Monday, March 30

The Centers for Medicare & Medicaid Services (CMS) has finalized a 2026 Physician Fee Schedule that keeps much of today’s telehealth access in place for another year, while setting a firm deadline for some of the most widely used pandemic-era flexibilities.

The move gives providers until December 31, 2026, to keep billing a broad range of virtual services, including from non-facility locations. But starting January 1, 2027, audio-only visits will no longer be covered under Medicare Part B, and clinicians will need to return to facility-based originating sites to bill most telehealth services, according to agency guidance.

Industry observers describe the rule as a mixed bag: it expands the menu of covered services and keeps video-based care widely available, yet it pulls back on tools that helped reach patients without reliable broadband or devices.

What’s extended and expanded

CMS is adding new services to the Medicare Telehealth List for 2026, including 18 codes tied to behavioral health and remote patient monitoring. The additions aim to shore up access for mental health and chronic disease management, areas where telehealth use has remained strong since the pandemic.

The agency also removes certain geographic constraints for specific telehealth services, allowing more care to be delivered regardless of whether a beneficiary lives in a rural or urban area. Rural health clinics and federally qualified health centers retain expanded options to serve patients virtually, according to agency materials.

Clinicians will be able to continue providing and billing telehealth from outside traditional medical facilities through 2026 a carryover from COVID-era flexibilities that providers say helped stabilize access and staffing.

CMS officials framed the package as a balance between maintaining access and tightening standards. While we extend flexibilities to support access through 2026, these changes ensure telehealth’s long-term sustainability by focusing on high-quality, video-based care that meets clinical standards, a CMS spokesperson said in a statement.

What ends after 2026

The biggest change arrives in 2027. CMS will stop reimbursing audio-only evaluation and management visits, which surged during the pandemic. Clinicians will also need to originate telehealth services from approved medical facilities to bill Medicare, ending the home-based billing option popular with after-hours and specialty providers.

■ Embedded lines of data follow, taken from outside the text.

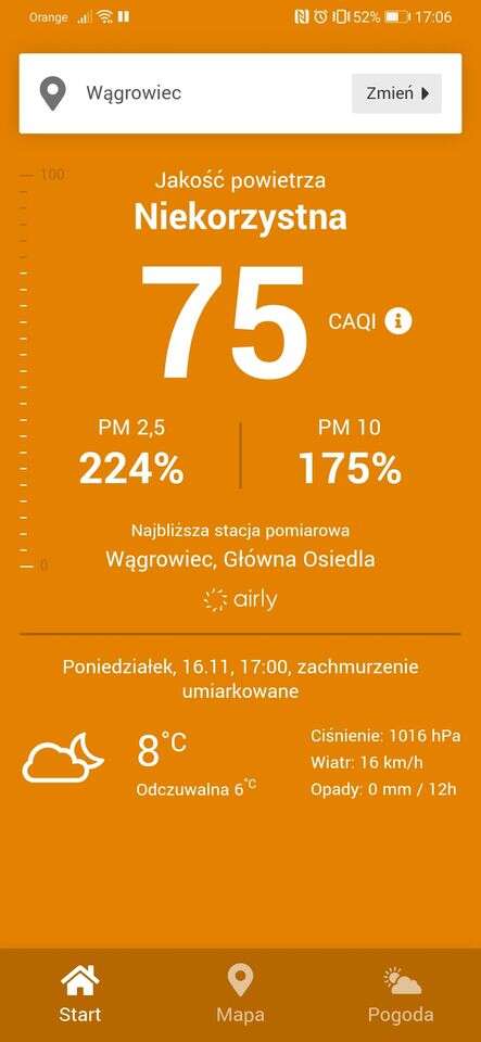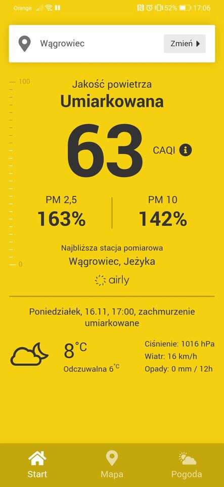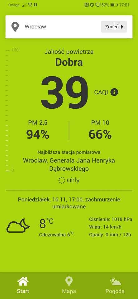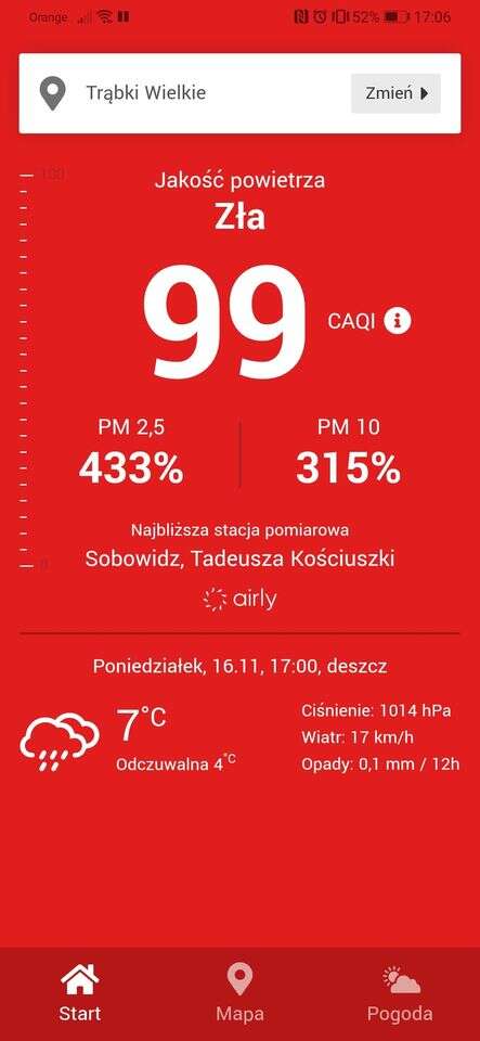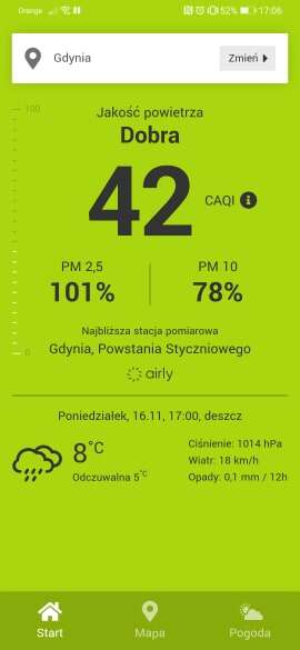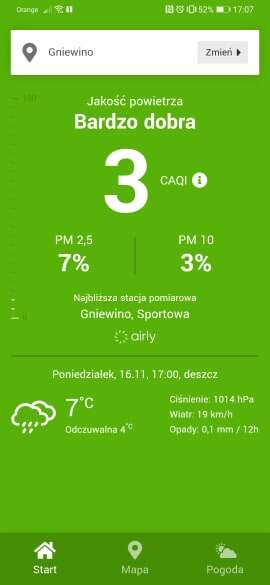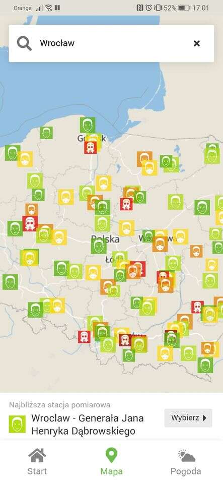 Aplikacja Czysta Polska wyróżnia się na tle innych czytelnością i prostotą działania. To typowa apka, która ma spełniać jedno zadanie – pokazywać jakość powietrza.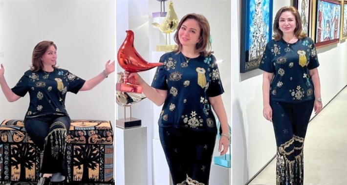 وارتدت إلهام شاهين تي شيرت وبنطلون أسود، من Camilla ومجموعتها "التمائم"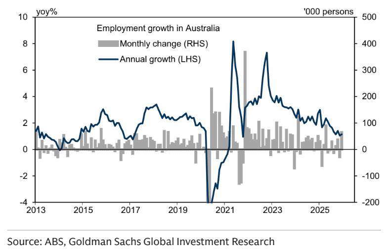 "We see a risk that the trend decline in the unemployment rate continues in 2026 as strong private demand flows through, putting further upwards pressure on inflation and ultimately leading to a higher-for-longer cash rate path," Bank of America says.

Advocates warn that ending audio-only coverage could widen access gaps for older adults and low-income beneficiaries who lack video capability. This is a step forward with new codes, but ending audio-only is a setback for rural patients without reliable broadband, the American Telemedicine Association said, urging Congress to consider permanent parity for certain services.

Impact on skilled nursing

For skilled nursing facilities (SNFs), inpatient telehealth options remain available, which providers say is critical for timely consults and preventing unnecessary transfers. But restrictions tied to post-acute transitions and audio-only visits could complicate discharge planning and routine follow-ups, especially in buildings where residents often rely on staff devices or telephone-only connections.

LeadingAge, which represents nonprofit aging services providers, said preserving inpatient telehealth is essential, but warned that new limits could push readmissions higher if facilities can’t reliably connect residents via video.

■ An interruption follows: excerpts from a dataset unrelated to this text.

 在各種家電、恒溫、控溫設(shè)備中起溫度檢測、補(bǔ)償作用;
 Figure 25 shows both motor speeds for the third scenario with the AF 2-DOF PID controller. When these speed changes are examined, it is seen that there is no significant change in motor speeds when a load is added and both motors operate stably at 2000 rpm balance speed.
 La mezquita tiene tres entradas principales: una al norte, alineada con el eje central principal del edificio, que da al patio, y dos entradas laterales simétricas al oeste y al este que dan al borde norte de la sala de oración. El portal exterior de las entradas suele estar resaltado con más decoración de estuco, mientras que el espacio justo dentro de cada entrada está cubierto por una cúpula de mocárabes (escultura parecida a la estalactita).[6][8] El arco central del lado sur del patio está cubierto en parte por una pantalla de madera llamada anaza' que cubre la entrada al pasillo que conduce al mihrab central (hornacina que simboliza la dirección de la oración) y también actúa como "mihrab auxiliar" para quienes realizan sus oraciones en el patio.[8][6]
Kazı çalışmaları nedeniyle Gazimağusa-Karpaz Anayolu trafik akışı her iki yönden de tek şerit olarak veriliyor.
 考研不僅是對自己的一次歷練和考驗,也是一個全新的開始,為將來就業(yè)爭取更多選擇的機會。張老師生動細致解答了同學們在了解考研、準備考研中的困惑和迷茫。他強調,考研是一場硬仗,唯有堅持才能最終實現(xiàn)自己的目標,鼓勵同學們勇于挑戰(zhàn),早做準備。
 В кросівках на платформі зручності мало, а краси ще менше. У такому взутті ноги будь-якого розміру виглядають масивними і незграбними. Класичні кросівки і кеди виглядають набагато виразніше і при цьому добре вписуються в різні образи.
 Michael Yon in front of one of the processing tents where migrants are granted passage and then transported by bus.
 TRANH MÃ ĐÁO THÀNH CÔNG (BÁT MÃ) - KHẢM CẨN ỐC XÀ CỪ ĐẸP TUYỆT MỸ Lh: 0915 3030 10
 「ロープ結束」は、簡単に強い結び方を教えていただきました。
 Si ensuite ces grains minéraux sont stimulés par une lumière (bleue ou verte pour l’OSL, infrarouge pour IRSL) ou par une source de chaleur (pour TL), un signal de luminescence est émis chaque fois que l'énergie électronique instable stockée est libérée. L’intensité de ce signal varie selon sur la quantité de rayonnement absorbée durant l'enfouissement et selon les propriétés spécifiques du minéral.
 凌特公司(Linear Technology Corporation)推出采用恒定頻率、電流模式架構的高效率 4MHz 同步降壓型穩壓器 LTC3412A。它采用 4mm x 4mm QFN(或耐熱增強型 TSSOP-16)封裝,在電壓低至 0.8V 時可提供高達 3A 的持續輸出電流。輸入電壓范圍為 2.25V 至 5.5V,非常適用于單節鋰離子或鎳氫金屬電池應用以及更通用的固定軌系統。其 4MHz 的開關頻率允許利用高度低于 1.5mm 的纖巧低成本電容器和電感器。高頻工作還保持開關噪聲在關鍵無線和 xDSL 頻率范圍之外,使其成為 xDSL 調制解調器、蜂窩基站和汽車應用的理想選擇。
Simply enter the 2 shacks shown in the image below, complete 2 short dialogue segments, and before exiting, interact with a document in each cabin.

Claims hold adds near-term disruption

In a separate development, CMS has instructed Medicare Administrative Contractors to temporarily hold certain telehealth claims dated on or after October 1, 2025, amid federal funding uncertainty, according to industry guidance. Providers report delays of 60 to 90 days in some cases, a cash-flow hit that physician groups say comes on top of inflation and staffing pressures.

The claim holds amid the shutdown are unacceptable; they’re delaying critical payments to physicians already under strain, the American Medical Association said in a statement, while supporting the additions to covered telehealth services.

By the numbers

The rule affects more than 65 million Medicare beneficiaries. CMS projects savings of roughly $1.2 billion in 2026 tied to curbing overuse and tightening coverage for certain modalities. Industry estimates suggest delayed payments could touch billions in annual telehealth reimbursements if claim holds persist.

What providers should do now

Operators are being advised to update billing systems and workflows for the 2026 code changes, invest in reliable video platforms, and prepare residents and families for a potential shift away from audio-only options. SNFs, in particular, may need to bolster on-site technology and staff training to sustain virtual behavioral health and specialty care, which many facilities credit with lowering avoidable hospital trips.

Provider groups say the next year will be crucial. Extensions through 2026 offer breathing room, but without further action from Congress, the 2027 changes could force a rapid pivot to facility-based, video-only telehealth. For long-term care operators, that may mean new costs, tighter scheduling, and a renewed emphasis on hybrid models that blend in-person and virtual care.